The VP admitted there should be an engagement between Guyana’s commercial banks, the Georgetown Chamber of Commerce (GCCI), the Private Sector Commission, and the bankers’ association regarding foreign currency concerns but not without taking aim at the GCCI.
According to him “We can’t be pandering every time the Georgetown Chamber of Commerce wants to issue a statement. We can’t be pandering to that. We have to look at the macroeconomic objective. So, when we have a firm view on the macroeconomic objectives and if we believe that there is a sustained shortage, we have the means to supply the market.”
He said that seasonal variations can see the appreciation of foreign currency rates coming to the detriment or benefit of select parties, explaining that, “We have not one aggregate market, but every cambio in this country operates like a mini market within the aggregate market. So, one bank would have an abundance of supply, but maybe, some other bank may not have the same amount of currency at that same time.”
Jagdeo suggested the establishment of an inter-bank market to facilitate sharing and added that some banks practice foreign currency hoarding.

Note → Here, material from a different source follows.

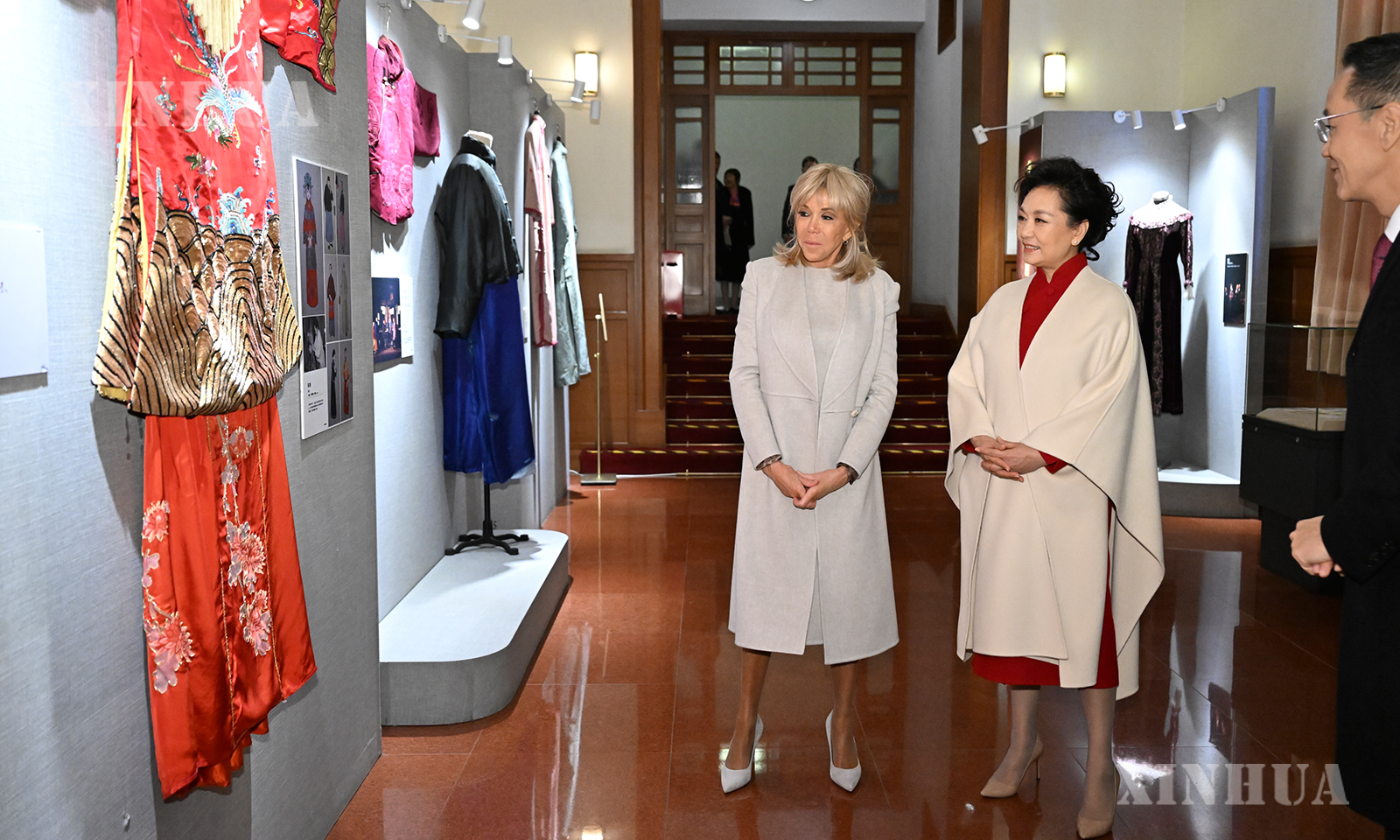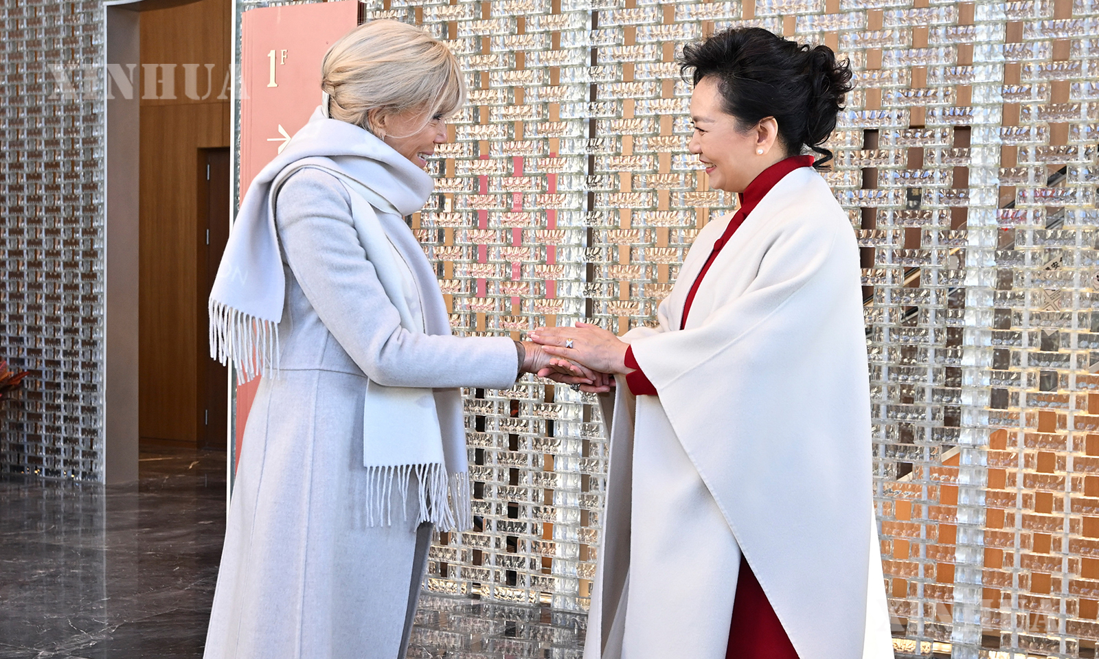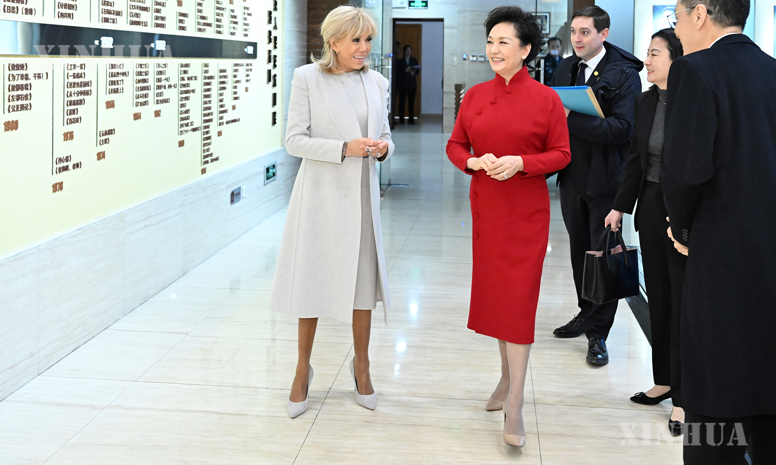 ဖုန်လိယွမ်နှင့် ပြင်သစ်နိုင်ငံ သမ္မတ၏ ဇနီး Brigitte Macron တို့ ပေကျင်းပြည်သူ့အနုပညာဇာတ်ရုံအား အတူလေ့လာကြည့်ရှု

“So, we have to now work at promoting greater exchanges. I was thinking that maybe we need a daily balance, reported to the central bank of currencies purchased and sold, and the daily balance at all the institutions and then the list of demand, and you will see in most cases that they are clear, but they exist at different institutions,” he stated.
This concept, he said, will be discussed further with the senior finance minister.
“The government has to ensure that aggregate demand and aggregate supply in the markets reach some equilibrium, given the objectives of the Central Bank and the Ministry of Finance.”